GithubHelp home page GithubHelp logo

Comments (25)

Spaceenter avatar Spaceenter commented on July 2, 2024 1

How about this:
Set up two buckets: a) Staging bucket, b) Production bucket. All the newly added files are uploaded to Staging bucket, and people only have write permission to the Staging bucket but no read permission. After the file is uploaded (which they cannot read), it needs to be reviewed by us, then we move it t o the Production bucket if the file is good. And finally, everyone is able to read from the Production bucket (but only we have the write permission to the Production bucket).
Also, even for the write permission to Staging bucket, we could control - we only give write permission to vetted people.
https://cloud.google.com/storage/docs/access-control/iam-permissions

Otherwise, people could always send the file to our private bucket, we review it, then we add to the Production bucket.

@babbush

from openfermion.

jdwhitfield avatar jdwhitfield commented on July 2, 2024 1

I'm still confused about why you would want to store the Gaussian integrals. The point of using Gaussians is that the integrals can be generated on the fly. Depending on molecular size and integral usage, it's probably faster to generate the necessary integral when its required. This is how Psi4 and most electronic structure packages work.

from openfermion.

babbush avatar babbush commented on July 2, 2024 1

There are a number of reasons for this. One of the reasons is simply that we have noticed that less advanced users are not using our electronic structure package plugins. Having a library with the integrals precomputed makes things very convenient for them. Furthermore, it can be challenging for non-chemists to get SCF convergence in some cases. As you know, this often involves fiddling around with the type of SCF routines used, knowing the spin multiplicity of the system ahead of time, adjusting convergence criteria, etc. This especially true for non-equilibrium geometries. Such a library provides standards that anyone can use without needing to worry about running the calculations themselves. But perhaps we can also write the download scripts to provide the option to only pull down the molecule specification (e.g. basis set, geometry, multiplicity, etc.).

from openfermion.

hsim13372 avatar hsim13372 commented on July 2, 2024

Hi Ryan, Jhonathan and I have been working on something similar so we might be able to contribute some examples soon. Also, is there a "github-like" platform for data? If so, could we put the data there and link OpenFermion?

from openfermion.

babbush avatar babbush commented on July 2, 2024

I don't know what would be the best platform for this. Anyone else? Looping in the software engineering core:
@Spaceenter
@maffoo
@dabacon
@Spaceenter

from openfermion.

Spaceenter avatar Spaceenter commented on July 2, 2024

I think the easiest thing might be Google Cloud Storage.
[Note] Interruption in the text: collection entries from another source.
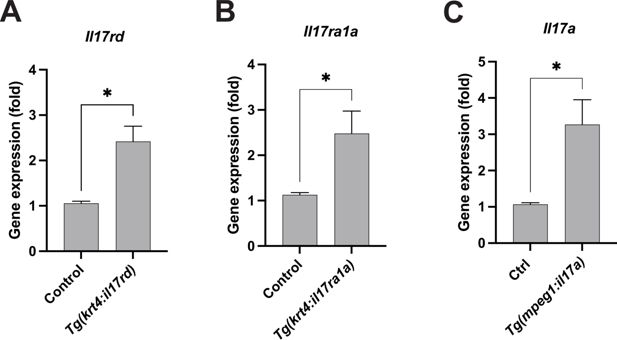 Fig. 5 - Supplemental 1 Overexpression of il17rd, il17ra1a, or il17a in transgenic animals. (A) Quantitative PCR reveals that il17rd mRNA is overexpressed in Tg(krt4:il17rd) (p=0.0159, N=3 independent experiments). (B) Quantitative PCR shows il17ra1a mRNA is overexpressed in Tg(krt4:il17ra1a) (p=0.0351, N=4 independent experiments). (C) Quantitative PCR demonstrates that il17a mRNA is overexpressed in the skin of Tg(mpeg1:il17a) animals (p=0.0183, N=4 independent experiments). Statistical significances were assessed by Student t test. Error bars indicate mean ± SEM.
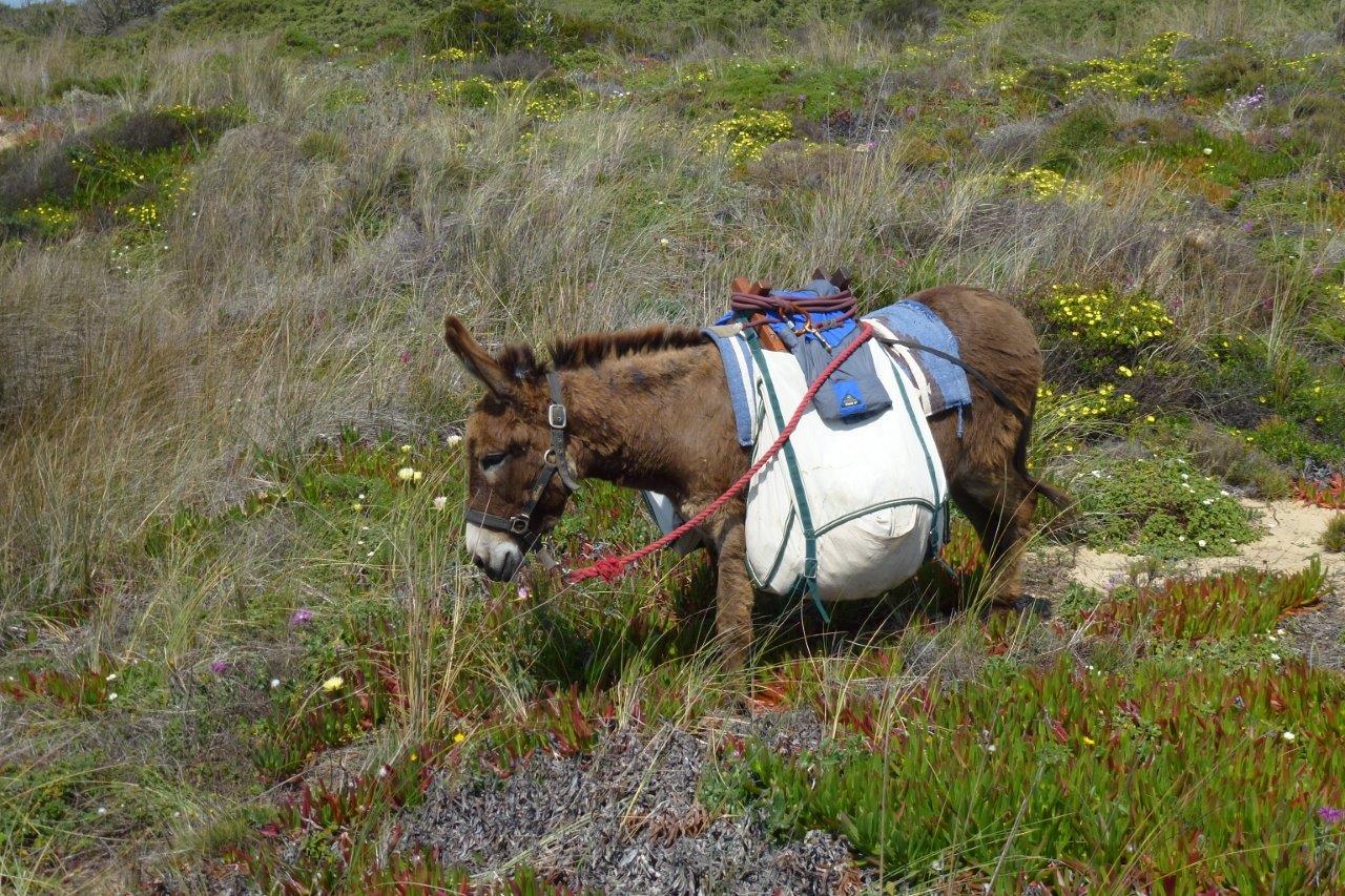 Unsere einwöchige Eselwanderung führt auf dem ersten Teil über Wald- und Feldweg durch das von Hügeln, Wäldern und Feldern geprägte Hinterland entlang des Flusses Seixe bis ans Meer. Im zweiten Teil geht es durch den Naturpark "Costa Vicentina" entlang der imposanten Steilküste, die tolle Weitblicke verspricht. Zwischen den Felsen laden versteckte Buchten und Strände zu Pausen und Badestopps ein. Die Etappen sind zwischen 7-15 km lang mit einer mittleren Gehzeit von bis zu 5 Stunden (ohne Pausen).
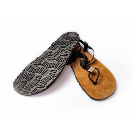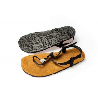 Model ten charakteryzuje jednolita warstwa 8mm podeszwy Vibram pokryta wyściółką skórzaną. Dzięki połączeniu podeszwy o grubości 8mm z wyściółką skórzaną otrzymujemy bardzo komfortowe sandały biegowe. Miła i przyjemna w dotyku wyściółka skórzana nadaje stopie poczucie lekkości i elastyczności Skóra zamszowa świetnie zdaje egzamin podczas wielogodzinnych aktywności, dlatego model ten świetnie sprawdzi się podczas długich dystansów oraz całodziennych wędrówek. Dzięki wyściółce skórzanej otrzymamy duży komfort podczas letnich gorących dni. Skóra świetnie absorbuje pot i nie nagrzewa się od słońca. Dzięki 8mm podeszwie pokrytej wyściółką nie musimy obawiać się kamieni, szutru i innych nierówności. W przypadku tego modelu mamy świetne połączenie komfortu i minimalizmu.

It's very easy to configure and use, and it's very cheap.
cloud.google.com/storage
(We used it to store millions of publicly-available videos and pictures and it works well.)

from openfermion.

TariniHardikar avatar TariniHardikar commented on July 2, 2024

Hi Ryan!

I work with Kanav Setia on testing and implementing fermion-to-qubit mappings on molecules. I have, actually, been doing exactly what you have suggested above. I use the NIST Webbook for equilibrium geometries (I use the HF optimized geometries, but I can easily move to a better geometry), and then run calculations on them. In fact, I have been running them in different bases - the MO, the AO symmetrically orthogonalized, and the AO canonically orthogonalized basis. I have the MolecularData files for quite a few molecules at this point (for instance, the AE6 ensemble). To the best of my knowledge, the files aren't that large and should not pose great storage issues.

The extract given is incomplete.